» Your assignment:
Nothing but the pictures is dropped; write out all the remaining data below exactly.

» Supplied entries:
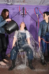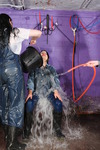 Felicity and Maude have both been caught wearing dry wellies in the house. So Rosemary has the pair of them in the dungeon, dressed in denim, for a suitable punishment, in the form of having the running warm water hose shoved down the back of their jeans. But who will be first to feel the wetness?
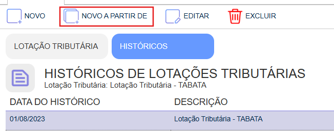 Na guia Histórico clique em NOVO A PARTIR DE.
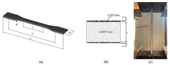 Mechanical tests: (a) dimensions of composite sandwich specimens; (b) cross section of the composite sandwich specimens; and (c) tensile strength test setup.
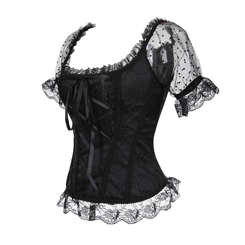 Die Retro Steampunk Spitzenbluse verkörpert die perfekte Symbiose aus verspielter Sinnlichkeit und edler Raffinesse. Mit ihrem figurbetonten Schnitt, den zarten Spitzendetails und den transparenten Puffärmeln verleiht sie jedem Outfit eine unwiderstehliche Ausstrahlung. Diese Bluse ist inspiriert von der Mode viktorianischer Damen, die Eleganz mit Selbstbewusstsein verbanden – ideal für Steampunk-Events, historische Kostüme oder extravagante Abendlooks.
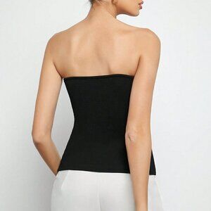 Black Casual Women's Button Front Split Hem Bandeau Top
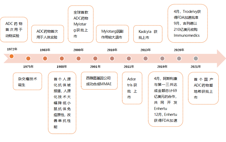 ADC(Antibody Drug Conjugate)是将细胞毒药物连接到靶向肿瘤的单克隆抗体而构成的复合体,其结合了靶向药物和化疗药物的特点,可实现精准治疗。ADC 药物的概念早在1900 年就被提出,然而受技术限制长期停留于理论层面。1990-2000 年间,单抗药物获得广泛的临床应用,降低了开发ADC 药物的障碍。

» The answer:
 Felicity and Maude have both been caught wearing dry wellies in the house. So Rosemary has the pair of them in the dungeon, dressed in denim, for a suitable punishment, in the form of having the running warm water hose shoved down the back of their jeans. But who will be first to feel the wetness?
 Na guia Histórico clique em NOVO A PARTIR DE.
 Mechanical tests: (a) dimensions of composite sandwich specimens; (b) cross section of the composite sandwich specimens; and (c) tensile strength test setup.
 Die Retro Steampunk Spitzenbluse verkörpert die perfekte Symbiose aus verspielter Sinnlichkeit und edler Raffinesse. Mit ihrem figurbetonten Schnitt, den zarten Spitzendetails und den transparenten Puffärmeln verleiht sie jedem Outfit eine unwiderstehliche Ausstrahlung. Diese Bluse ist inspiriert von der Mode viktorianischer Damen, die Eleganz mit Selbstbewusstsein verbanden – ideal für Steampunk-Events, historische Kostüme oder extravagante Abendlooks.
 Black Casual Women's Button Front Split Hem Bandeau Top
 ADC(Antibody Drug Conjugate)是将细胞毒药物连接到靶向肿瘤的单克隆抗体而构成的复合体,其结合了靶向药物和化疗药物的特点,可实现精准治疗。ADC 药物的概念早在1900 年就被提出,然而受技术限制长期停留于理论层面。1990-2000 年间,单抗药物获得广泛的临床应用,降低了开发ADC 药物的障碍。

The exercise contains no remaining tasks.